Bu metinde anlatılmak istenen meramın ana noktaları tam tekmil buraya kadar ifade edildi diye düşünüyordum. Aslında bu düşünceyi altı ay önce yazdığım, bu ay yayımlanan Kemal Tahir üzerine bir yazıda gündeme getirdim. Ve sonuç olarak “Kemal Tahir incelemelerindeki özgün yaklaşım alanları arasında özellikle bu üç konu ciddi araştırmacılarını beklemektedir”¹ dedim. Aslında eksik demişim. Bu noktalar sadece Kemal Tahir değil başka sanatçılar ve aydınlar açısından da araştırılmalı. Hakikaten bu noktada derinlikli karşılaştırmalar ilginç olabilir. Aslında Bekir Yıldız’ın 1960’lı 1970’li yıllarda Kürt eksenli öyküleri ve romanlarının bir zamanlar uzun süre ortada olmadığı ve birkaç yıl önce yayımlandığında da hiçbir biçimde önemsenmediği o kadar aşikâr bir durum ki. Ha keza onun şu Halkalı Köle’sine şöyle bir kadın sorunu açısından baksak durumun tahlili daha bir şenlikli olur.
Belki bunların yanında iki konu hepten fuzuli gibi görünür. Bunlardan biri Kemalizm, diğeri de homofobi. Kemal Tahir’in bu noktalarda da bir dönem gelip eleştirileceği aşikâr. Ancak Haremde Dört Kadın’daki lezbiyenlik değinisi nasıl, ne biçimde değerlendirilecek meçhul. Hele bir de bu doğrultudaki köy romanları. Yeni metinlerle karşılaştırılarak mı acaba? Aynı şekilde Kemalizm konusundaki yaklaşımının karartılması herhalde en erken dönemde Mete Tunçay’a musallat olan ve sonraki liberal solculara sirayet eden Kemal Tahir kompleksinden kaynaklanıyor bir ölçüde. Bir ölçüde de Kemalizm konusunda son dönemde beliren kısmi olumlu yaklaşımdan. Bunun izdüşümlerini uzun vadede kaleme alınacak yazılarda tam tekmil görmek mümkün olacak gibi görünüyor. Kemal Tahir eleştirilerinin temel mantığı AK Parti’nin son 10 senelik sürecine gömülmüş vaziyette. Böylesi bir mantaliteye kilitlenmiş eleştiriyi gerçeklikle eşleştirmenin ise mümkünatı yok. Bir de liberal solcular dışındaki solcularda daha fazla potansiyel var. Onların eleştirileri çok daha sahici ve samimi olur gibi geliyor. Onların içinde de Seyyit Nezir’in yazdıkları çok daha sahici, çok daha samimi ve çok daha gerçekçi.

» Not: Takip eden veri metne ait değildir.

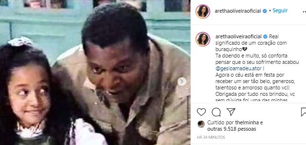 Aretha Oliveira, atriz: "Real significado de um coração com buraquinho. Está doendo e muito. Só conforta pensar que o seu sofrimento acabou. Agora o céu está em festa por receber um ser tão belo, generoso, talentoso e amoroso quanto você!! Obrigada por tudo nos brindou, você sem dúvida foi uma das minhas maiores referências naquele nosso mundo Chiquititas! Para sempre, sempre no meu coração."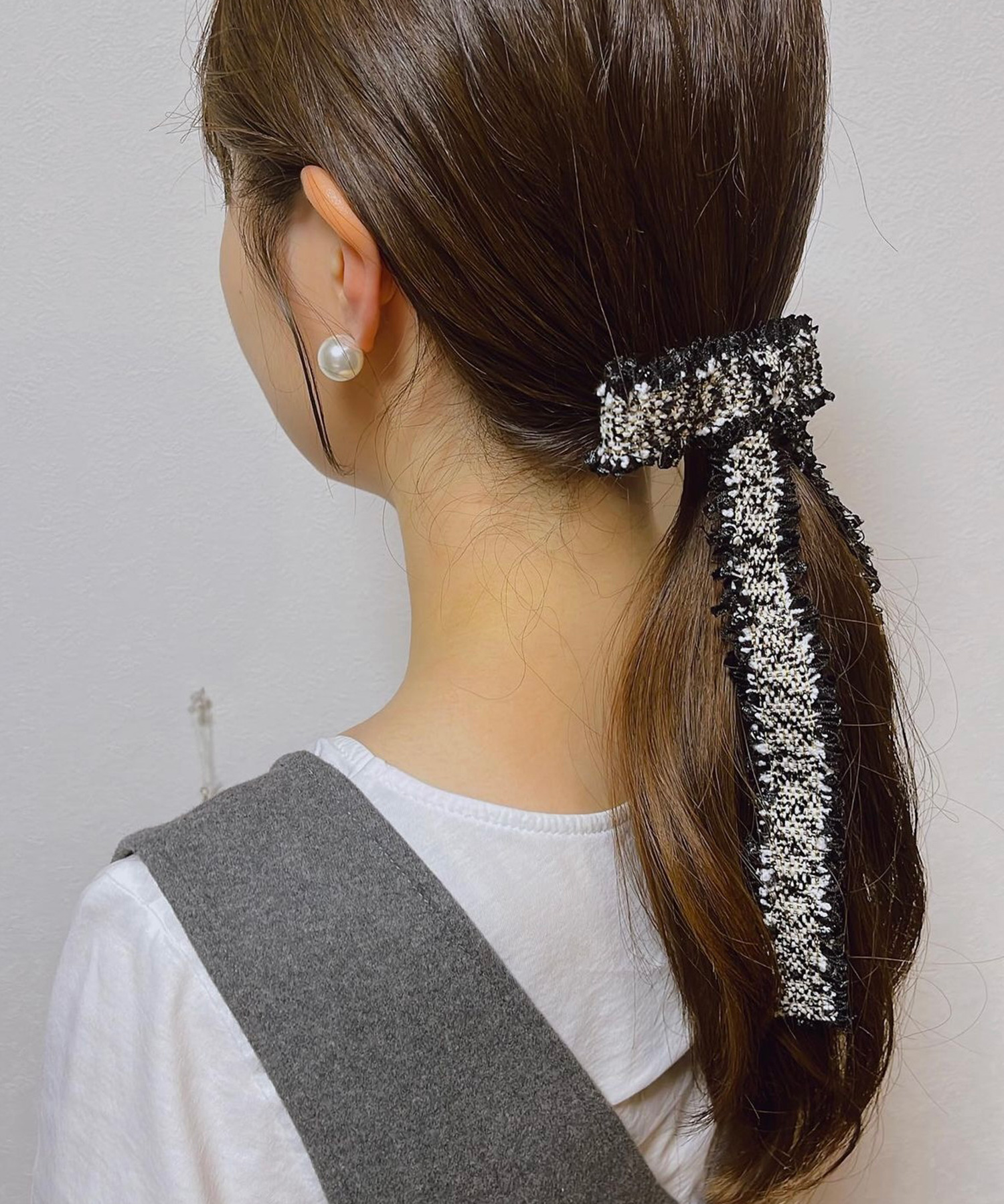 オケージョンシーンにおすすめのフラワーバレッタ。耳元もパールで合わせるとコーデがまとまります♪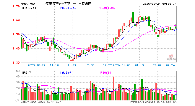 2月24日,汽车零部件ETF(562700)开盘涨0.72%,报1.546元。汽车零部件ETF(562700)重仓股方面,汇川技术开盘涨2.54%,三花智控涨2.88%,福耀玻璃涨2.56%,拓普集团涨1.78%,长盈精密涨0.92%,赛轮轮胎涨1.10%,德赛西威涨3.40%,双环传动涨3.12%,银轮股份跌0.28%,华域汽车涨2.26%。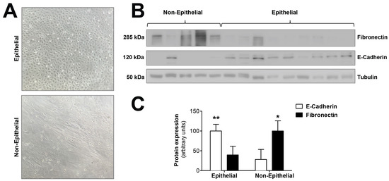 Epithelial-to-mesenchymal transition of mesothelial cells during PD. (A) Phase-contrast microscopy showing different morphologic characteristics of mesothelial cells with epithelial and non-epithelial phenotypes. Original magnification ×10. (B) Western blot showing the expression of typical markers of epithelial-to-mesenchymal transition, E-cadherin (epithelial marker) and fibronectin (mesenchymal marker). (C) The graph shows the mean ± SEM levels of expression in nine epithelial samples and five non-epithelial samples; ** p < 0.01 and * p < 0.05 vs. non-epithelial and epithelial cells, respectively. PD: peritoneal dialysis.

Yukarıdaki satırları yazıp metni kabaca hal yoluna koyduğum gün Ankara’ya yeni intikal eden derginin Kemal Tahir sayısının 40 yıllık yazıcılık hayatında bir şeyin tespitiyle savunusunun arasındaki farkı anlayamayan şefiyle tesadüfen Dost Kitabevi’nde karşılaştım (9 Aralık 2023). Olağanüstü kibar hal hatır sorma teatisinden sonra konuya girerek “Turpun büyüğü heybede” dedi. Ben de tam o dakikada bu yazının başlığına “Turpun büyüğü heybede” lafzını eklemenin konuyu anlamanın yolunu daha bir açacağını düşündüm.
__
¹Kurtuluş Kayalı, “Kemal Tahir’in Cumhuriyet Dönemini Okuma Eylemi Üzerine Bazı Düşünceler”, Vakıfbank Kültür Yay., İstanbul, 2023, s.100.